**The problem**
Using the entries that follow, transcribe only the lines from the line with "우측 투자정보에서 PER을 확인할 수 있으며, 다른 정보도 확인할 수 있다." to the line with "2 Lights. Each", both included, exactly as they stand and without pictures.

**Records shown**

--- START ---

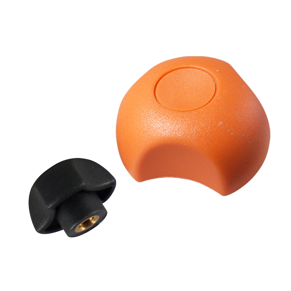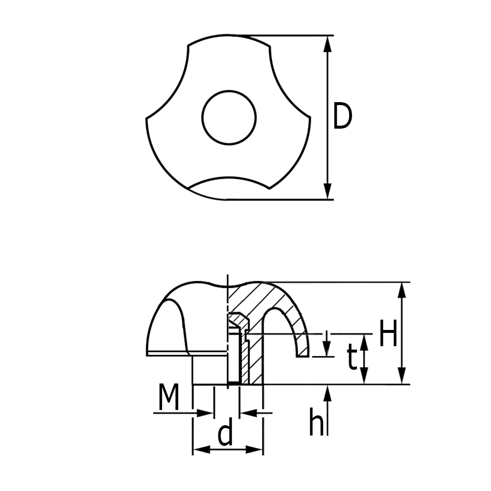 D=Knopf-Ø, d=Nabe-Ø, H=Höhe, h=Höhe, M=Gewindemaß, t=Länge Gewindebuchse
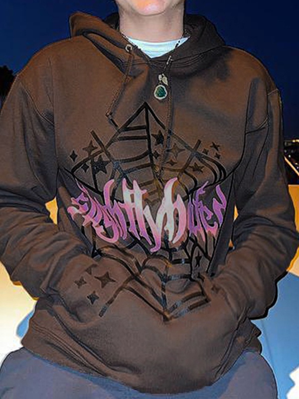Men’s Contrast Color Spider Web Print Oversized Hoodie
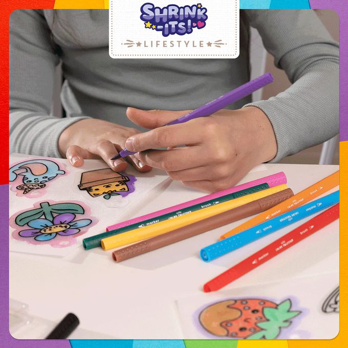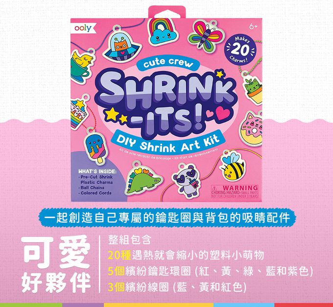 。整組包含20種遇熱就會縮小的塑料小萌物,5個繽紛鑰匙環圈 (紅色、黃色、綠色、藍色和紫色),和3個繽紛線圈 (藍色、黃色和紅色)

--- END ---
--- START ---

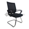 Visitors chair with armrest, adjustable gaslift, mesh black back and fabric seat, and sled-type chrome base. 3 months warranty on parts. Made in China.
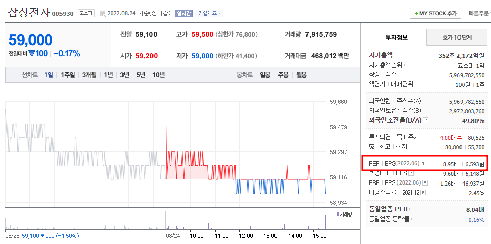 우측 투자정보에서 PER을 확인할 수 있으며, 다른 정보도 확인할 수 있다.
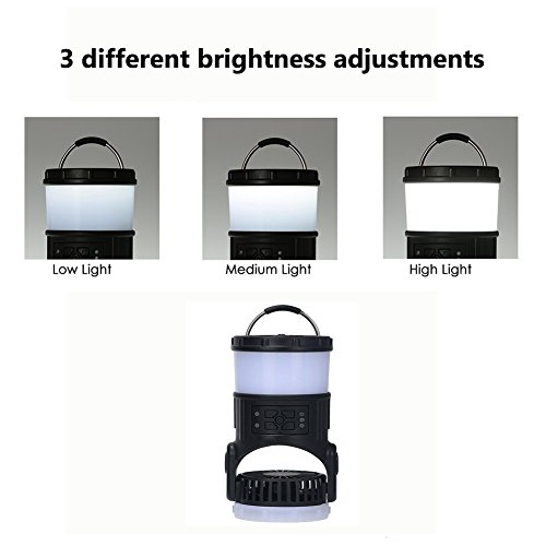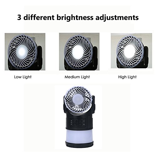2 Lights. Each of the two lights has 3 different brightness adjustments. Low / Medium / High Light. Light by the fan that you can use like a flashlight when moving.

--- END ---

**Completed task**
 우측 투자정보에서 PER을 확인할 수 있으며, 다른 정보도 확인할 수 있다.
2 Lights. Each of the two lights has 3 different brightness adjustments. Low / Medium / High Light. Light by the fan that you can use like a flashlight when moving.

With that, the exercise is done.